DATA LISTING:

BEGIN

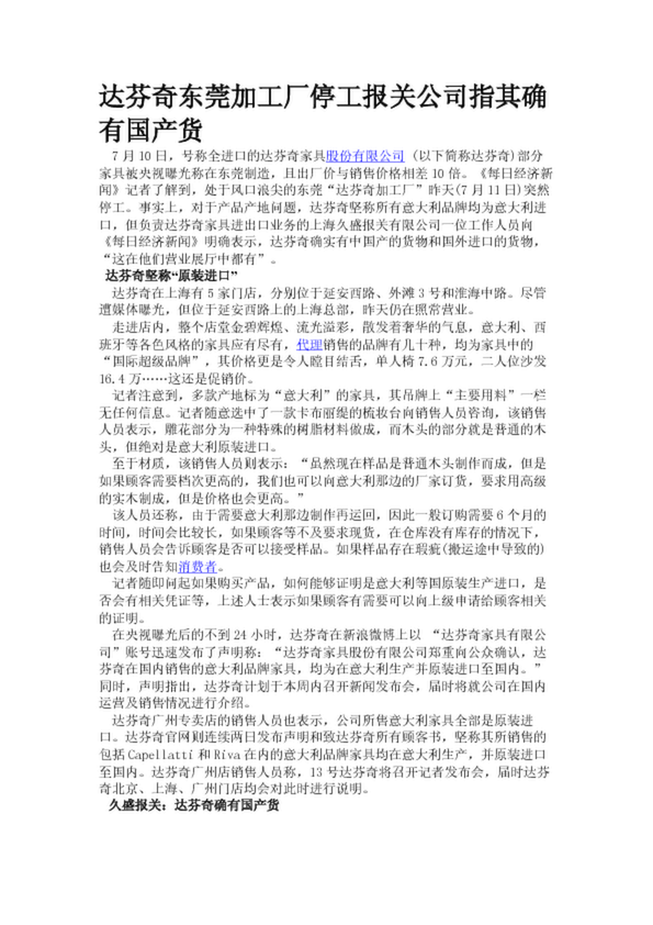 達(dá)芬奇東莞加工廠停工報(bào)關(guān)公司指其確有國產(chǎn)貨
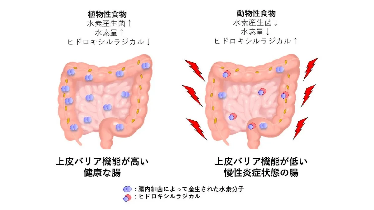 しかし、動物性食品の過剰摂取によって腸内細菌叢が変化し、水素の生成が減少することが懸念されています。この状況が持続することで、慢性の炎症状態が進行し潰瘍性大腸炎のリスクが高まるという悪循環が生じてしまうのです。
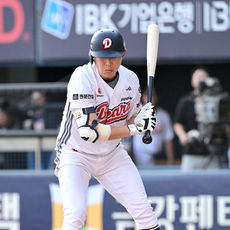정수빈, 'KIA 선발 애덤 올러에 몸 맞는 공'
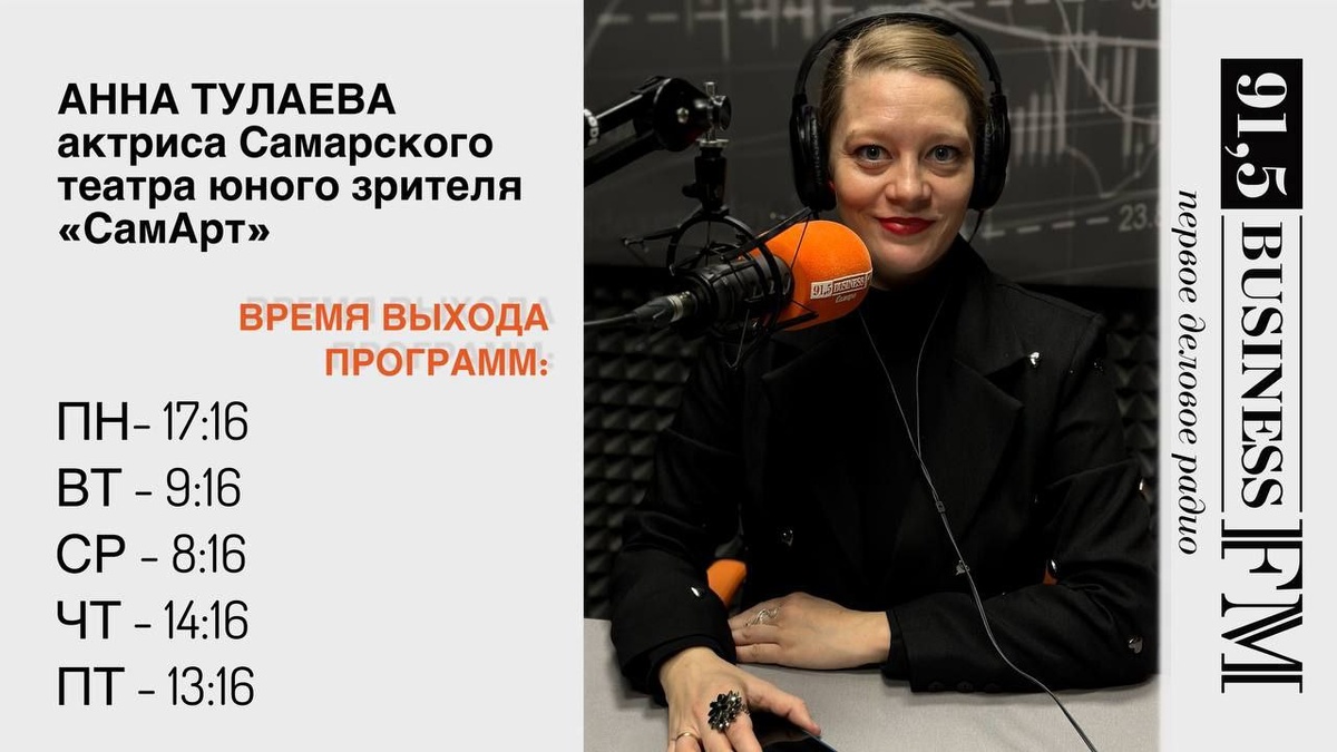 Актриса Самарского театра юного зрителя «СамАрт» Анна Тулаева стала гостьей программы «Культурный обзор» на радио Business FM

END
BEGIN

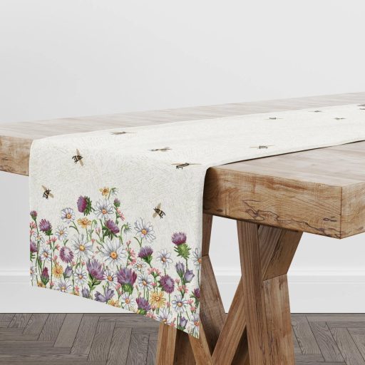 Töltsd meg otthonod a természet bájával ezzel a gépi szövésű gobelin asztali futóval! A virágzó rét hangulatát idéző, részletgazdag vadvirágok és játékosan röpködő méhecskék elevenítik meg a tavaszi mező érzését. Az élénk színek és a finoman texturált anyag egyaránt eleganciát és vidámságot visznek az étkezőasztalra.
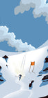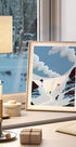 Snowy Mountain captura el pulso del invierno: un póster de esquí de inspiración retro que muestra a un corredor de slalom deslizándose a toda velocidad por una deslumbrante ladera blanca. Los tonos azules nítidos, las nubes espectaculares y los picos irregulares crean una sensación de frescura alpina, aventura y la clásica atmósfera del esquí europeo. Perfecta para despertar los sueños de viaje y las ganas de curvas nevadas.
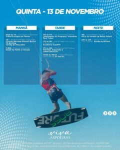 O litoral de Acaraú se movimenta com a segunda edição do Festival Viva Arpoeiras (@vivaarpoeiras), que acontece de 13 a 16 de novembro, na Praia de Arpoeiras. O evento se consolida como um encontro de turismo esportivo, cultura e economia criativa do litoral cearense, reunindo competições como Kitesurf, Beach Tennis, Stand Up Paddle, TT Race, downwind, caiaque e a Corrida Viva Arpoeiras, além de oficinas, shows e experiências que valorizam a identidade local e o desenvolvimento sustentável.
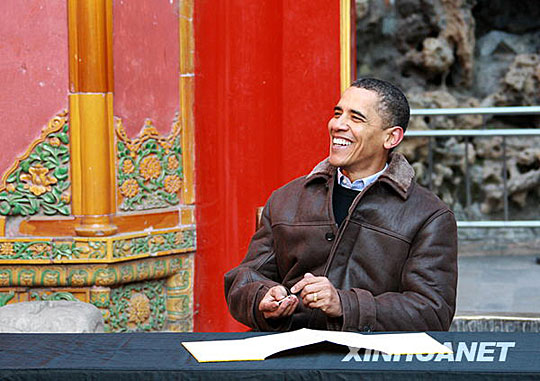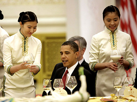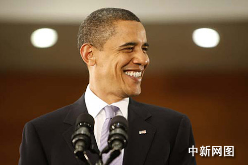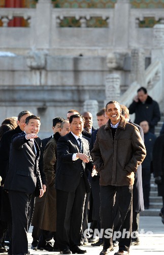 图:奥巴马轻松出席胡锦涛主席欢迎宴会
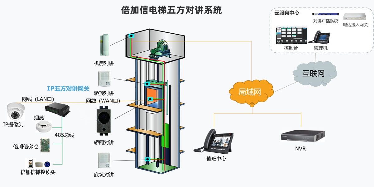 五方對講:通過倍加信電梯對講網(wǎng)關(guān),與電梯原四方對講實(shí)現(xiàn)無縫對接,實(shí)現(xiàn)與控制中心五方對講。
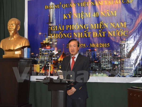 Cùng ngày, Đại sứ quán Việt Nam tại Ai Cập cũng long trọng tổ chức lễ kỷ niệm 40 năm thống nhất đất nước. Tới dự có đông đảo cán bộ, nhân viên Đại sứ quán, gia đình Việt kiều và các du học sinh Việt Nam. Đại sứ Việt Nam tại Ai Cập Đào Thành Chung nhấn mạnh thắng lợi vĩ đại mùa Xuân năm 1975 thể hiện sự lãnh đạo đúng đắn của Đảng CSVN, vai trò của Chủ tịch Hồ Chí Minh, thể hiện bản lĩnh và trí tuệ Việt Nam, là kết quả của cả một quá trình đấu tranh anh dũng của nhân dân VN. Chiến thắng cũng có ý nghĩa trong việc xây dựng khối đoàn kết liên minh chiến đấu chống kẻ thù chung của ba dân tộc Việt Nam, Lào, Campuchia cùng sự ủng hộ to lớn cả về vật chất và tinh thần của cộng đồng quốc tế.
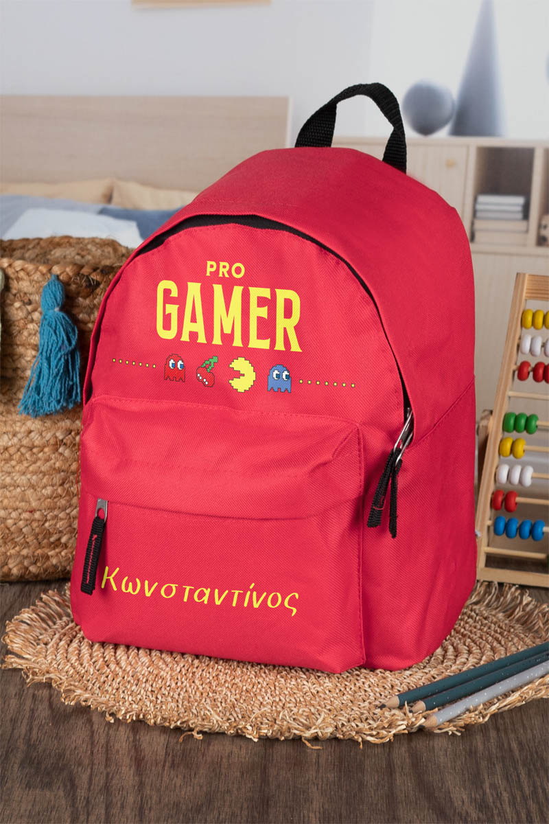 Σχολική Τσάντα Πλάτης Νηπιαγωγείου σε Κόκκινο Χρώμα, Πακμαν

END
BEGIN

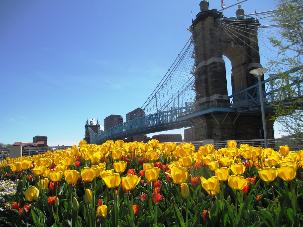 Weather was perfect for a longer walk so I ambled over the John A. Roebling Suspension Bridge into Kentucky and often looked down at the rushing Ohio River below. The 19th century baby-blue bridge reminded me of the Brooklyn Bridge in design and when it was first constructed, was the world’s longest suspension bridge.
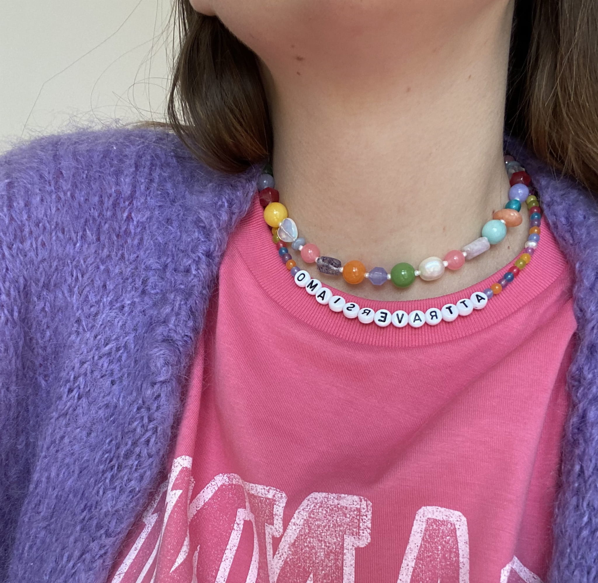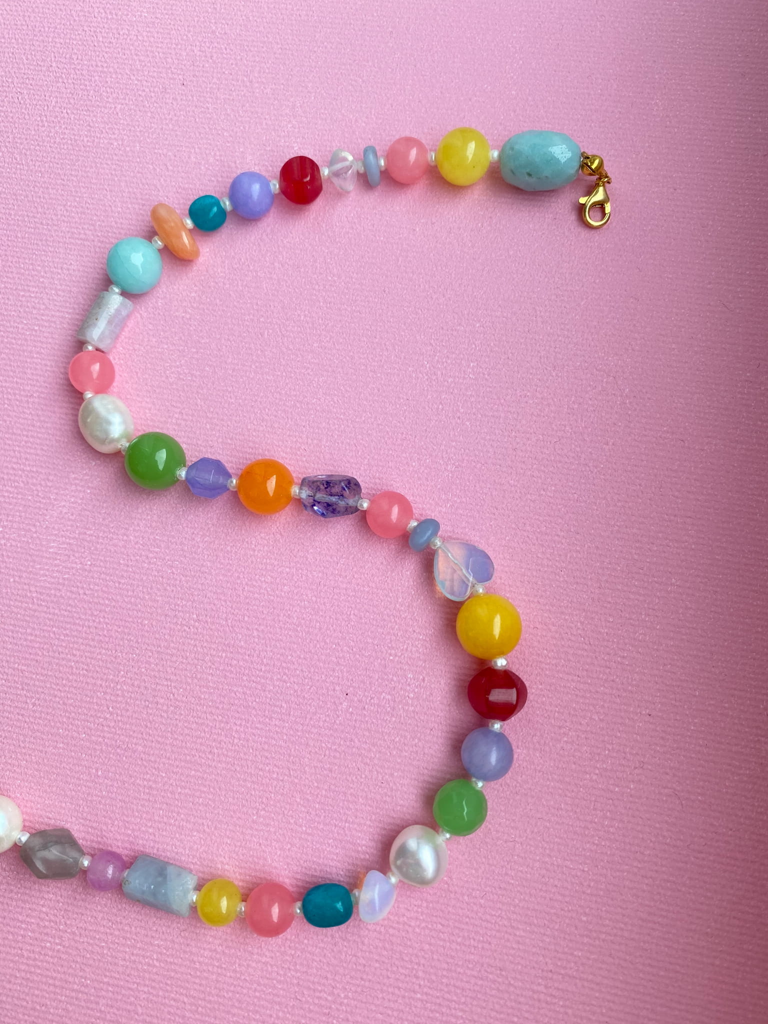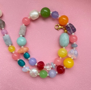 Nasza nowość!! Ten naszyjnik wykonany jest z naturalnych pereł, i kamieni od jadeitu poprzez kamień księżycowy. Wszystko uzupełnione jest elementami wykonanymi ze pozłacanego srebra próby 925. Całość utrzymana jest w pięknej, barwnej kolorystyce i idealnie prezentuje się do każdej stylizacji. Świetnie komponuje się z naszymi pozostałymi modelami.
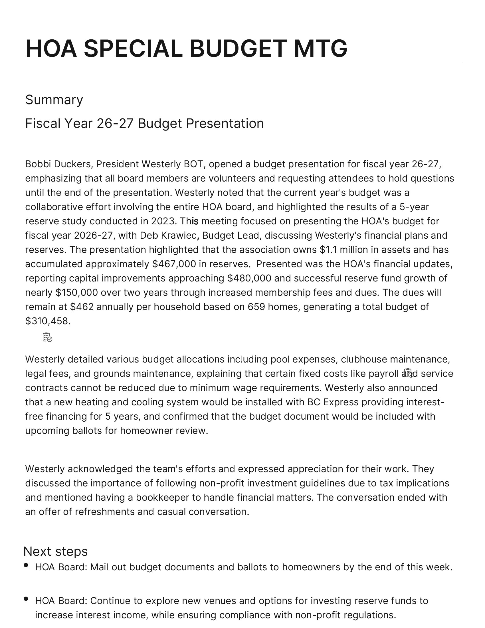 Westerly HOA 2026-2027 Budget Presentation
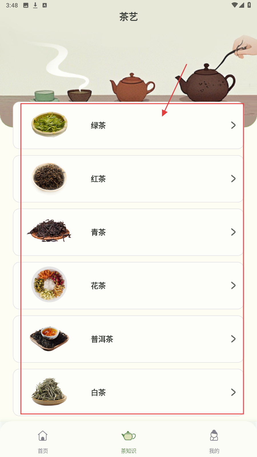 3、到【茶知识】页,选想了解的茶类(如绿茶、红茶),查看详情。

END

EXERCISE DETAILS:
Work from the entries above. Set down exactly and only the lines from the line with "정수빈, 'KIA 선발 애덤 올러에 몸 맞는 공'" to the line with "Актриса Самарского театра", both included, and leave the pictures out.

ANSWER TO THE PROBLEM:
정수빈, 'KIA 선발 애덤 올러에 몸 맞는 공'
 Актриса Самарского театра юного зрителя «СамАрт» Анна Тулаева стала гостьей программы «Культурный обзор» на радио Business FM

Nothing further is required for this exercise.